# Ich suche einen guten VPN Service der Ruhig was kosten darf.



## Niklas434 (12. Januar 2014)

Aufgrund der ganzen abmahn wellen bin ich verunsichert. Da meine Oma immer gesagt unheil kann man nur mit unheil bekämpfen möchten ich gerne einen VPN Dienst nutzen. 

Habt ihr erfahrungen oder könnt einen empfehlen ? Es muss auch kein Extra Programm dabei sein ich bin Windows mächtig und kann auch manuell eine VPN Verbindung einrichten. 


Was mir wichtig wäre: 


1. Nutzung auch am Smartphone (S4, Android) möglich 
2. Server nicht unbedingt in Deutschland
3. Max Budget 50€ im Jahr
4. Keine Drosseleung meiner 4.000er  
5. Wenn möglich auch mit Komprimierungsservice (fürs Smartphone)




Wie gesagt es muss nicht Cyberghost oder ein pendant sein.


----------



## Stryke7 (12. Januar 2014)

Moment, du möchtest also einen VPN-Tunnel, um dann sozusagen virtuell von woanders zu surfen?  Als Sicherheitsmaßnahme? 

Warum kein Proxy-Server?


VPN heißt ja eigentlich nur, dass meine eine Tunnelleitung aufbaut, um virtuell woanders anwesend zu sein, um die Sicherheit eines lokalen Netzes auch von woanders nutzen zu können.


----------



## Gast20140625 (12. Januar 2014)

Ich hab keine Erfahrungen usw. aber alle mit Servern in der EU oder USA kannst du vergessen. Die sind afaik gesetzlich dazu verpflichtet gewisse Logs zu führen. Da können sie erzählen was sie wollen.

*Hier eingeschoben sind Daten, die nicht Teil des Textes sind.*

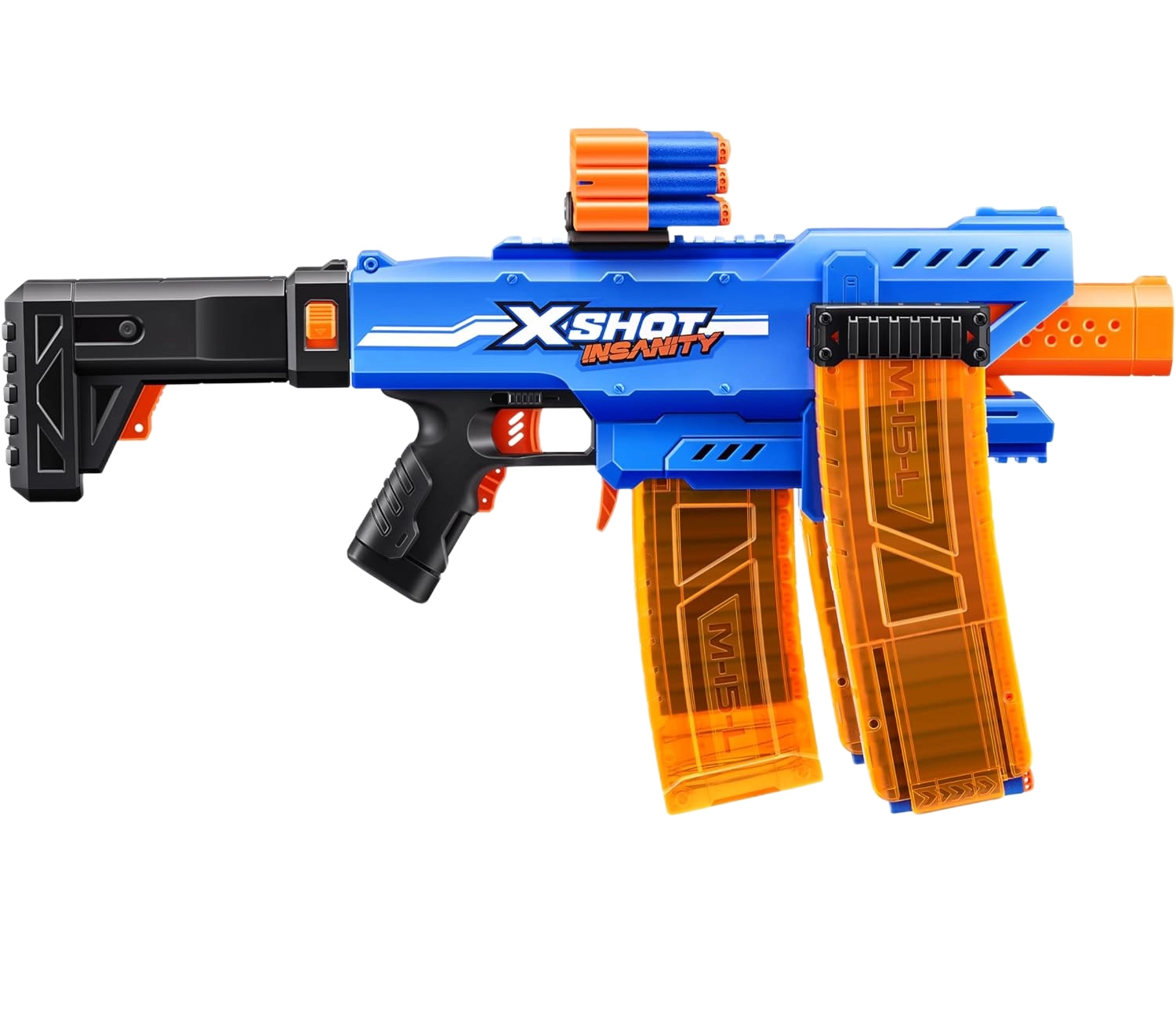 Насладете се на динамични престрелки с моторизирания бластер ZURU X-SHOT INSANITY. Автоматичният механизъм осигурява плавна, бърза стрелба и лесно презареждане благодарение на сваляемите пълнители. С големия запас от боеприпаси и удобния захват е готов за интензивно действие без излишни паузи.
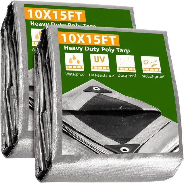 - Strong & Durable Shelter - 2 pack 10 x 15 ft silver and black poly tarps form a strong and durable shelter from sunlight, rain and dust, cooler underneath in the summer; with at least 3 years lifetime, it features good ability of anti-aging for long-time use
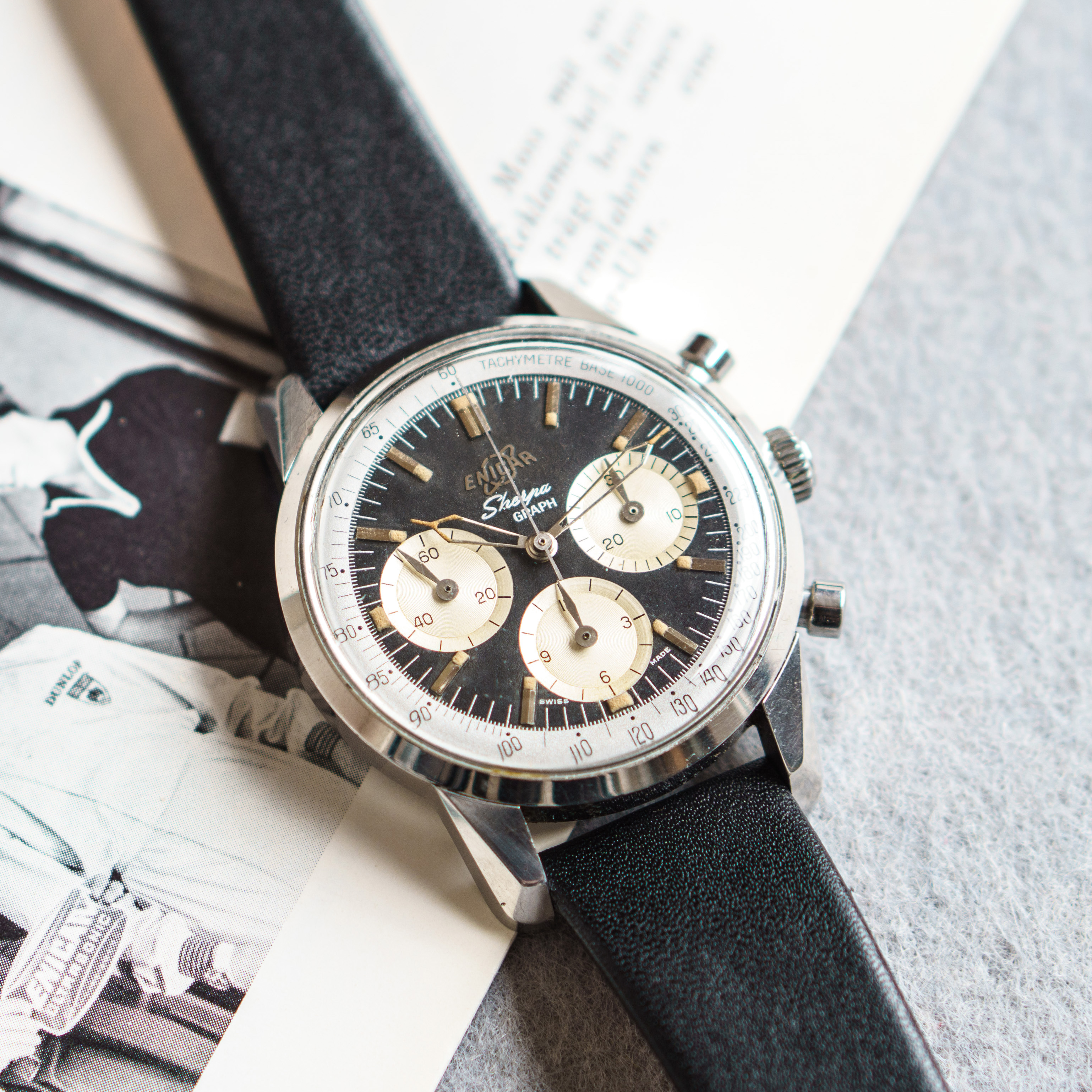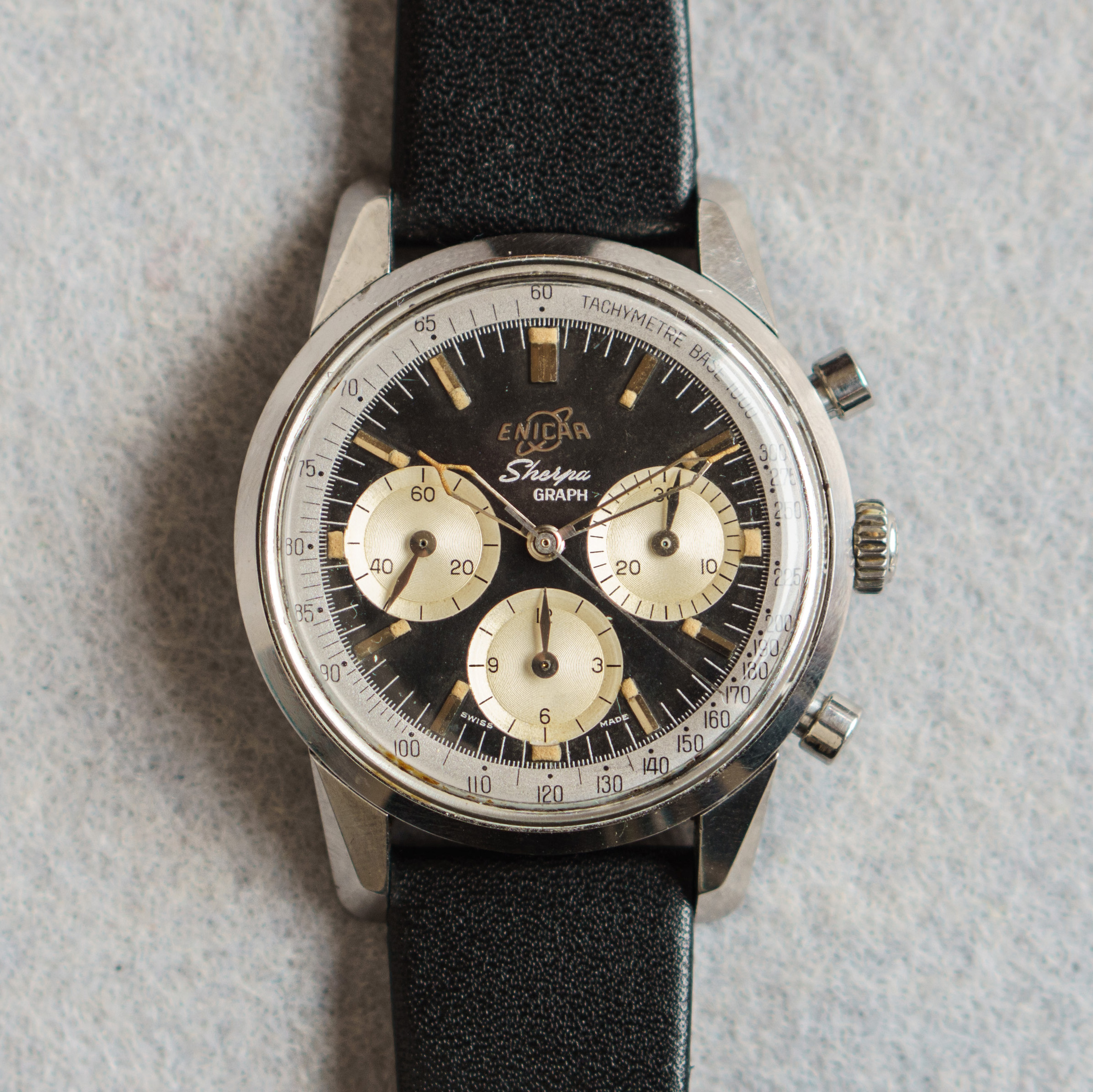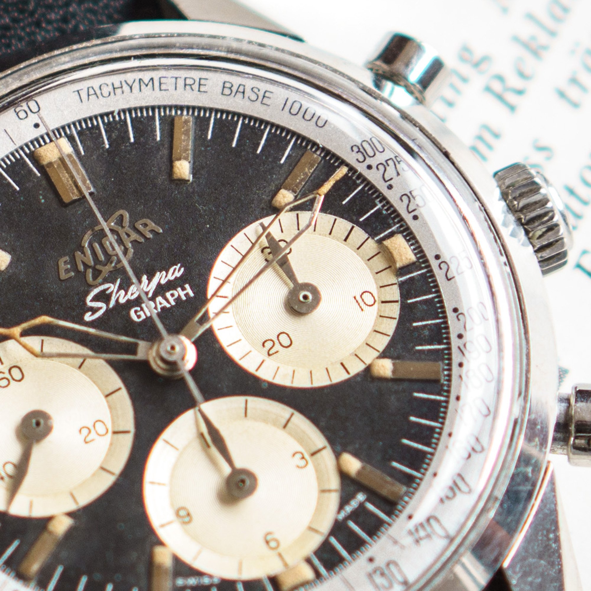 Thanks to @la_lusigne I was again bitten by the Zenith A386 virus. The Zenith is one of the watches I allways wanted to have but allways missed the opportunity. So this is my shot in the dark, maybe some of you have 5 of them and wants to build up an Enicar collection or your focus is in racing watches. Than this is your chance to trade your nice Zenith for one of just 500 build Enicar Sherpa Graph MK1a's, the first of the line, introduced in 1960. Back than Formula 1 Racer Stirling Moss was testimonial for Enicar and of course he got one of his examples as well.

Also guck dich am Besten nach welchen mit Firmensitz und Serverstandort in RU, Asien, Südamerika oder sonst wo in der Pampa um. 
Welche da gut sind weiß ich aber wie gesagt nicht.

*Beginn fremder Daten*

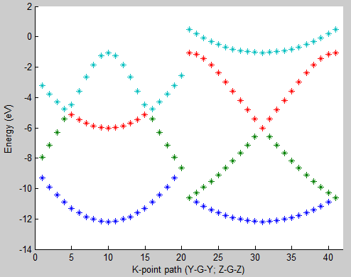 As you can see the unfolded band structure perfectly reproduces the anticipated dispersion relation E(k)=E_0 - 2A \cos(kb). We can even estimate the magnitude of the hopping matrix element between adjacent atoms V_{ssG} = -A. The band width is 4A = (-1) - (-12) = 11 eV which results in V_{ssG} = -2.75 eV.
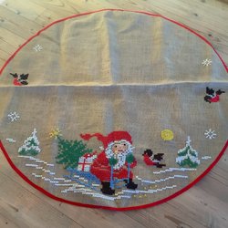 Rund julgransmatta i röd färg av jute. Mattan är 100 cm i diameter och kommer från Benson. Nypris 545kr
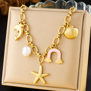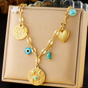 ヨーロッパとアメリカのファッションレトロな個性星/クロス/星と月のパターン/愛のペンダントステンレス鋼ゴールドメッキネックレス
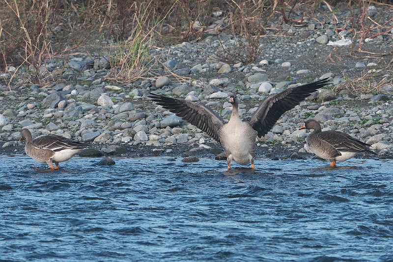 そして少し上流にマガンが3羽居るとのことで見に行ったのですが、こちらは対岸でかなり遠かったです。
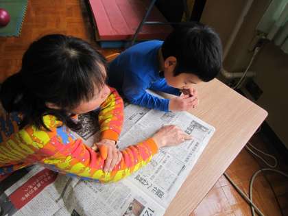 あおぞら学級では,新聞を先生と一緒に読んだりお便りを読んだりしていました。
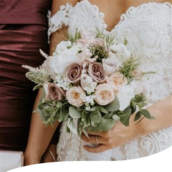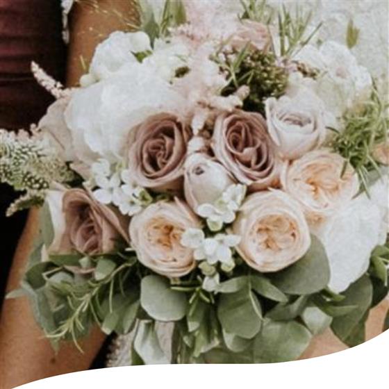 The design we would recommend, after our consultation, emails and conversations has to be a Circular Hand tied Bouquet design with a compact neat style and with a different array of flowers creating a bouquet with different shaped flowers and foliage at slightly different levels. We will not make it symmetrical. Mixed foliage, especially Eucalyptus and a touch of Rosemary with loosely arranged flowers using these elegant blooms: 7 x Amnesia Roses, 3 xHydrangeas but arranged into smaller bits all over the bouquet, 5x Astilbe, 5 x White Veronica, 5x White Bouvardia, 6 x White Avalanche, 7 x VIP Pale “Paradise Beach” Roses, 5 x White Hypericum, 3 x Pearl Avalanche. The colours are peach, Pale Pinks, Lilac and cream with Cinerea, Berried Euco, Parvi, Populus and Rosemary as the only greens. We will not make it overly Huge and not bigger than the picture.
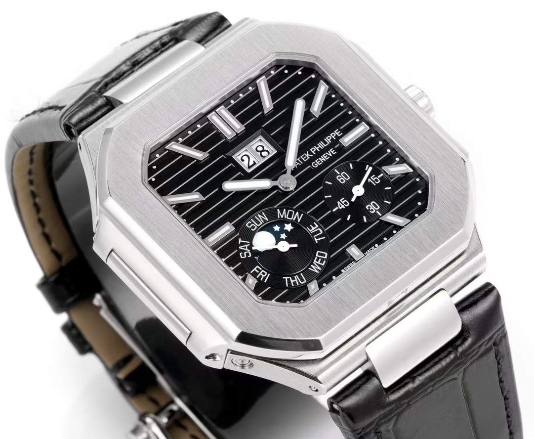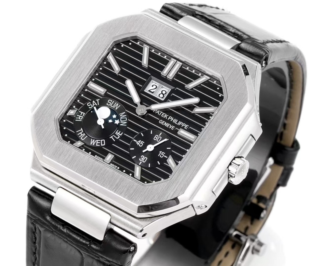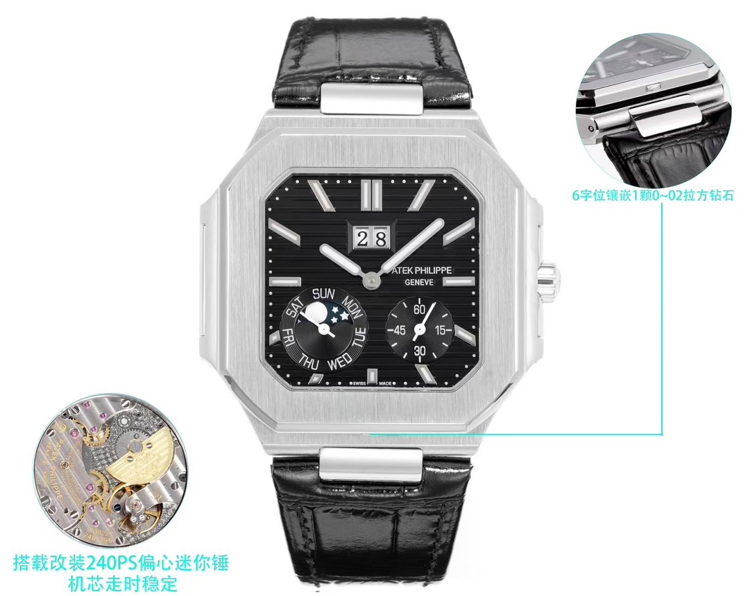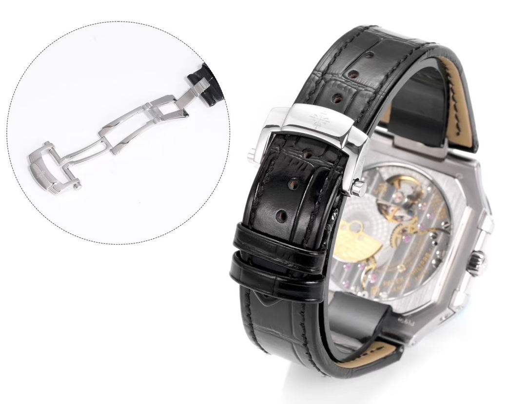 这款手表是AAAAA 1:1 质量 (非常棒). 使用了和原版一模一样的材料. 商标部分也保持了和百达翡丽/Patek Philippe一样. 图片拍摄是实物手表拍摄, 您所收到的实物保证和我们图片一模一样.

Vllt. guckst du mal bei boerse.bz oder anderen solchen Websiten. Da gibts bestimmt einige, denen ein guter VPN für ihre Aktivitäten sehr wichtig ist.


----------



## Niklas434 (12. Januar 2014)

Weil Proxy Server nicht immer eine 100%ige sicherheit bieten. Mir wäre es lieber wenn alles über einen Tunnel läuft was auch vorteile hat wenn man z.b. Clients wie Zatto nutzt, außerdem lässt sich eine VPN Lösung besser auf ein Smartphone realisieren. 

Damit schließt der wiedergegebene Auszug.